There are two schools of thought on how to approach tastings. There are those who spit out. Danielle and Breda belonged to the other school. The striking image of the Royan holiday was therefore their return to camp, rolling back unsteadily on their bikes, heavily laden with bottles, and fully loaded with Pineau.

There would be many more trips down the years. We went round Copenhagen by boat. We shivered at the Giant’s Causeway in Northern Ireland. We gazed in slightly dizzy wonder at the whirling dervishes in Istanbul. We listened to Smetana on the Charles bridge in Prague.

Breda (left) and Danielle share a moment of culture
Over cocktails in an Istanbul bar
In Prague, it was Danielle who organised the accommodation and, in a spirit of economy, booked us into a backpackers’ hostel. It reminded Breda, she told us with distaste, of dormitories in the convent where she’d been educated. 
But all her reservations dissolved when she met the barman, a cheerful Czech who could make any tropical drink you might like, and many other cocktails besides.

‘Excellent choice of place to stay,’ she assured Danielle, smiling over the brim of a brimming glass.

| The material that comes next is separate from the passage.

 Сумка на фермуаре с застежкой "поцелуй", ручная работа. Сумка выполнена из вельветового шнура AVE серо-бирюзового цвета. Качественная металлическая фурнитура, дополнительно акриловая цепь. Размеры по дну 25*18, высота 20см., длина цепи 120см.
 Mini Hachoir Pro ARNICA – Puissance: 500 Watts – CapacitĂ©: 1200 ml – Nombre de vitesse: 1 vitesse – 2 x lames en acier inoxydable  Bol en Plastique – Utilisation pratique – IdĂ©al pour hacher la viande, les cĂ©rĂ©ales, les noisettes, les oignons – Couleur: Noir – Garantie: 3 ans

Ronnie and Breda in Christiania, Copenhagen
With your humble narrator becomingly in the background
It was only in January that we had our last trip together, to Lanzarote in the Canaries. The setting was glorious and Breda’s irresistible joy in conversation on any topic, was a boon to us all. And yet she didn’t contribute as much as she wanted to, or as she had on other trips: she was suffering from a terribly debilitating digestive condition that left her in terrible pain. 

Even so, the visit to Lanzarote was a great success, though that was in part because it wasn’t until her return that we realised that she wasn’t suffering from any banal digestive problem. What she had was cancer at an advanced stage. With her oncologists’ encouragement, she put up a brave fight, but a few weeks ago it became clear it was a losing one. She was admitted to hospital and hope faded that she would ever go home.

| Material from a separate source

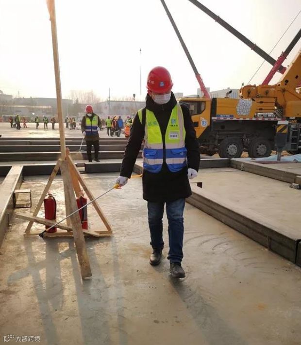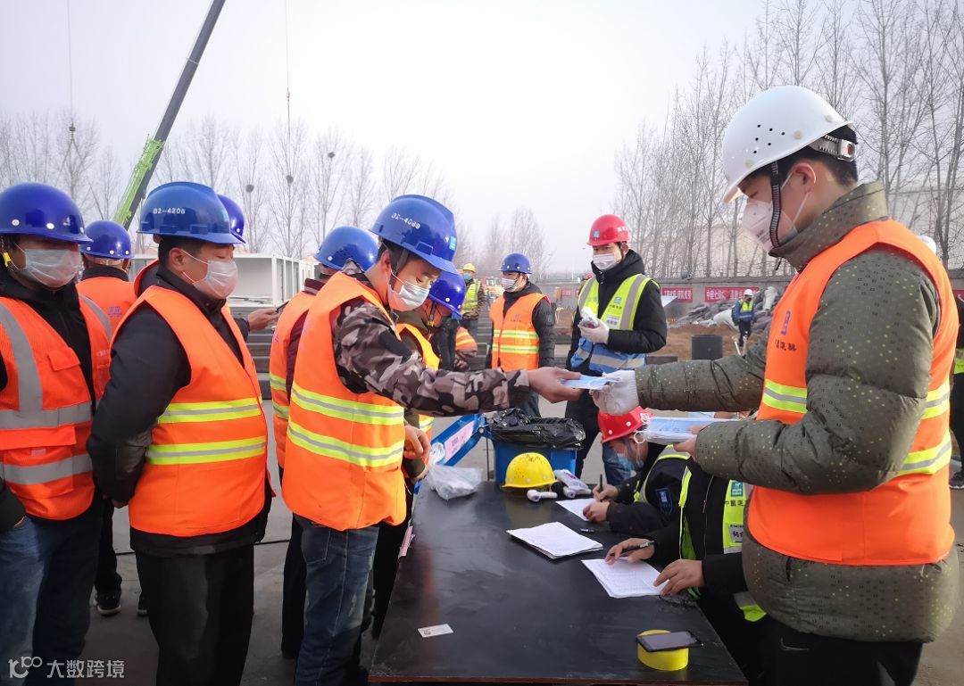 清晨为进场工人发口罩

On Thursday evening, 14 November, the thought came to me that I was quietly relaxing in front of an enjoyable TV programme while my friend was lying in hospital, drugged and facing death. But only a few minutes later, a phone call from Ronnie revealed that I was wrong and the truth far worse: at the time I’d thought of Breda’s declining life, it was already over.

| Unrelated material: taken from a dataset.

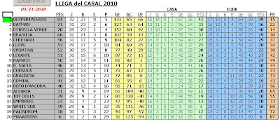 Finalment trobem en els llocs de descens, el Llove que ha baixat 8 llocs i té la meitat de punts que l’any passat amb 1 partit més, i el Saturnino que l’any passat anava 3er , però ha perdut els 5 partits per la mínima i per tant no es representatiu l’últim lloc que ocupa en l’actualitat.

Yesterday, Saturday 22 November, we said our farewells to her. My eulogy, saying much the same as I’ve written her, was just one of three. It was followed by a local doctor who had worked with her and told us about a woman who consulted him because she was having trouble conceiving. When he saw her again a few months later, she was already pregnant. 


Apparently, in the meantime Breda had seen her and told her ‘relax. Make love, not babies.’ It worked a dream.

Breda was a great doctor, above all because she was so fundamentally human. That’s why her place is still set among us, though it remains empty, her glass untasted, and I can think of no more fitting tribute for an excellent friend than the last quatrain of the Rubáiyát of Omar Khayyám:

    And when Thyself with shining Foot shall pass
    Among the Guests Star-scatter'd on the Grass,
    And in thy joyous Errand reach the Spot
    Where I made one – turn down an empty Glass!


I’ll be turning down many an empty glass for Breda. But first Ill raise it, full, to her memory.

7 comments:

Unknown said...

Very moving tribute to an obviously well loved lady who sounds like she lived life to the full, full of love and hope for those who knew her.

David Beeson said...

Many thanks. She was certainly much loved - and deserved to be.

Anonymous said...

A loving and eloquent tribute.

Anonymous said...

A loving and eloquent tribute.

San

David Beeson said...

Thanks, San. No less than she deserved, I feel.

Anonymous said...

A beautiful piece in honour of a beautiful lady. We'll be raising a glass, or should I say many a glass, to Breda.

Much love,
Davide

David Beeson said...

I look forward to joining you in emptying some of those glasses, Davide.